13
しばらく歩いていると、曲を歌う者の姿が見えてきた。その男は閉まったシャッターの前に座っていた。脇には空のギターケースが開けられていて、前には男の曲が収録されたと思しきCDが並べてあった。
目を引いたのはその男の格好だった。オレンジ色に染めたモヒカンに、黒の革ジャン、チェーンネックレスは、骸骨の目を貫いたデザインだった。下に着ていたシャツには、抱き合う象頭神がサイケデリックに描かれていた。
いかにもエレキギターをかき鳴らしていそうな風貌だが、彼はアコギを抱えてバラードを奏でていた。曲は、想い人とクラス替えで別々になってしまった少女の、壁一枚の隔たりへの憎みを歌ったもので、剃り上げて露わになったもみあげに入るフレイム柄の刺青からは想像できないくらい甘酸っぱいものだった。男は神への冒涜を思わせるフレーズを一言も発さなかった。
「イマイのJ12型に侵入したい。
社長はその男の前に立つと、曲に割って入った。ギターを弾いていた男はその手を止めて、俺たちに微笑みかける。
「予算は?」
社長は、男に相当な額を伝えた。だいたい、佐伯の移籍に対して手塚から貰える報酬の三分の一だった。
「活きのいいのが入ってるよ。さっき、エルサレムから届いたんだけどね……」
まるで魚屋の大将かのような口ぶりで、並べてあるCDを掻き分けだした。俺には、ジャッケトはどれも同じに見えた。だが、彼はその中から一枚を選び取ると、彼女に差し出した。
「簡単な話、どんな命令もお人形には神の声だ」
「買ったわ……」
社長がCDを受け取り、札束を渡す。近くで、引き戸が音を立てる。
「ありがとうございました」
青年の威勢のいい声。続けて酔っぱらいたちの呻くような声がガヤガヤと聞こえてきた。革ジャンの男は手早くシャツを中に入れた。そして慌ててギターを抱えて、曲を弾きだした。社長は俺にしばらく留まれと手で指示しながら、男の前を離れていった。俺は独り、路上ライブに取り残された。とりあえず腕組みをして、聞き入っている風を装った。サラリーマンの一団が、ゆっくりと俺の後ろを通り過ぎる。脈絡のない話し声が、一定のペースで続いていた。パンクな格好で甘酸っぱいラブソングを奏でる男も、それを聞く長身の外国人も、彼らは不信に思わなかったらしく、そのまま去っていった。
「いい曲だったよ。ハイスクール時代を思い出した」
一曲終わるまで待ってから、革ジャンの男に伝える。黙って会釈する男の口元は微笑んでいるように見えた。

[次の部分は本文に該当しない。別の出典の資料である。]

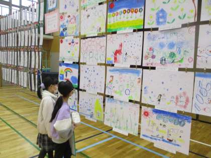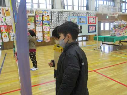 校内作品展に展示されている作品を見に行きました。各学年が様々な作品を展示していて「この作品すごい!どうやって作ったんだろう。」「この習字,めっちゃきれい。」と,たくさんの感想を出していました。特に,年上のお兄さんお姉さんの作品を見て,「私たちもこんな作品を作ってみたいな。」と,わくわくしている様子でした。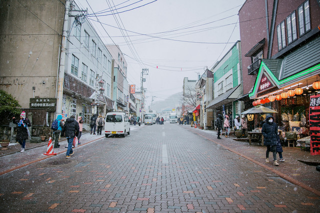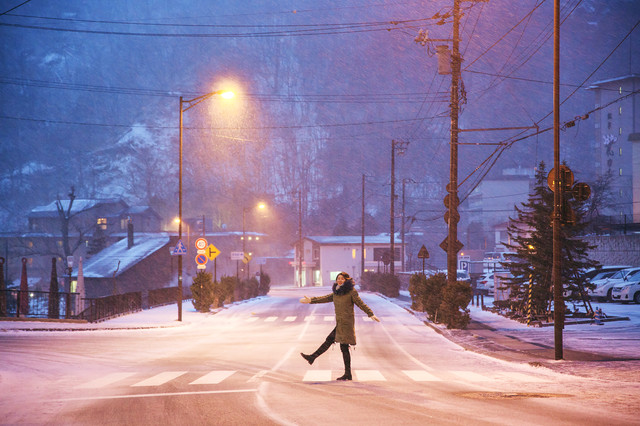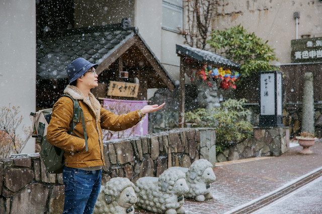 看来这场雪也是很多人期待着的,看,远处的小姐姐也来不及穿上点衣服就往外跑,真佩服她们的御寒能力。整个温泉小镇感觉一秒进入了冬季,刚才还清晰可见的石板路,一眨眼的功夫就铺满了白雪,嗯,这才是我要的感觉。

無人になったころ合いを見計らって、路上ミュージシャンの元を去った。駅前に停めた車内で、社長は待っていた。
「お待たせしました」
静かな車内に乗り込んで、シートベルトを締める。
「助かったわ」
キーを回し、エンジンを掛けながら社長は言った。
たまに聞こえてくるのは、日本語ではなく福建語だった。再び停車したのは、中華街のほど近くだった。社長は鮮やかで豪華な装飾の施された門をくぐる。道は繋がっているのに、門を境に街並みの雰囲気が変化した。
明け方まで開いている店から漂う香辛料の匂いが俺たちを誘っていたが、社長は無視して歩き続けた。俺も社長に従って、歩き続けるしかなかった。
大通りから一本入ったところに、一軒の漢方薬屋があった。表の看板には泰丹堂という文字。道路に面する側は硝子戸が顔を出していたが、店内は薄暗かった。
社長は何のためらいもなく、硝子戸を引いて、店内に入る。俺たちを検知して、店の電灯が順に明るくなる。スパイシーだが食品とも違う独特な香りが立ち込める店内に、他の客はおろか、店員さえも見当たらなかった。社長は迷わずカウンターのベルを鳴らした。
店には色々な種類の漢方薬が並べてあった。キノコの生えた芋虫や、爬虫類の干物、そして極めつけは少し湾曲した円錐形の何か。
「培養品だから合法だよ。」
甲高い笑い声がして振り返ると、カウンターの向こうに男が立っていた。年のころは六十前後だろう。日焼けした肌には、深いしわが刻まれていた。くたびれた緑色のバンドカラーシャツが、男の風貌を余計にくたびれさせていた。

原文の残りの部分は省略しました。